The victor in 2017, Emmanuel Macron, on the other hand, is projecting that politics can be a good investment, as long as the people are able to understand his logic and vision of doing it, aided by outsourced corporate consultancy. The justification of political decisions, however, is supposed to be evident to the public. The infiltration of ‘business’ logic into politics, not limited to France, instead allows supposed expertise to legitimise decisions made on behalf of—rather than stemming from—the citizens.
Political logic
This symbiosis of economy and politics in the neoliberal democracies blurs the question of who is accountable to whom. Whether political leaders are making appeals to the morally pure ‘people’ or calling in aid supposedly neutral expertise—and advocates of the latter can be labelled ‘the elite’ by the former—they are using the same political logic, of ‘technopopulism’, which departs from the traditional struggle between left and right. Whether actual citizens own their laws, or these are rooted in social demands, is not so relevant for these ‘doers’ of modern politics.
The overall weakening of democratic processes in favour of a technocratic form of governance is not new: a gradual tightening of constraints on voters to influence policy- and decision-making was initiated by the abandonment in the 1970s of the post-war model of egalitarian capitalism. So the symbiosis of economy and politics has been matched by an expanding separation between politics and society.
National actors and democratic institutions however still hold the power to build a political culture of account-giving, to act as bridging ‘intermediary bodies’ between society and politics.

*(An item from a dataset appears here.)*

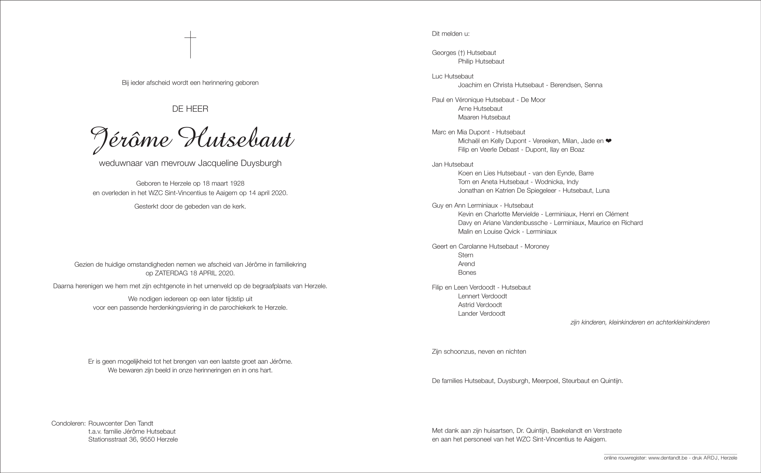 Overleden te Aaigem (9420) op dinsdag 14 april 2020 op 92-jarige leeftijd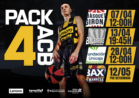 El Lenovo Tenerife activará a partir de este miércoles, a las 10:00 horas, la venta del ‘Pack 4 ACB’, una iniciativa que incluirá los cuatro últimos partidos de la fase regular de la Liga Endesa que dispute el primer equipo aurinegro en el Pabellón de Deportes de Tenerife Santiago Martín.

Parliaments, party politics and the law-making process should be able to guarantee effective systems of checks and balances, access to public scrutiny and translation of political conclusions into public policies.
Executive dominance over legislatures, legitimised by a technocratic perspective, oversimplifies the policy challenges. And as long as parties continue to serve as voting machines for selecting and electing leaders, for personality-driven micro-politics, in the absence of real inner-party democracy, collective awareness and citizens’ capability for solving collective problems will remain restricted to the visions of the political leaders.
Accountability and transparency
At the core is the absence of accountability and transparency, with weakened relations between citizens and their societies. Citizens then retreat even further from political life and attachment to the political parties, leaving the latter to interpret themselves what accountability actually means.
Taking democracy for granted is a trap, both for representative democracies and Europe’s citizens. High-quality democracy requires citizens’ engagement but also trust-building and trust-sharing, which in turn requires long-term political strategies and empowered democratic actors, individual and collective.
In this sense, elections should not be the only convenient tool for measuring popular consent. In an era of upgraded standards of giving and exercising consent, there should also be a rise in the standards of account-giving and improved understanding of the social intermediation between the electorate, political parties and their local constituencies, in delivering the citizens’ vision of what type of society they want to inhabit.
Emilija Tudzarovska is a lecturer in contemporary European politics at Charles University in Prague and a researcher at the Czech Academy of Sciences, SOU. Her current research is part of NPO 'Systemic Risk Institute', funded by the EU.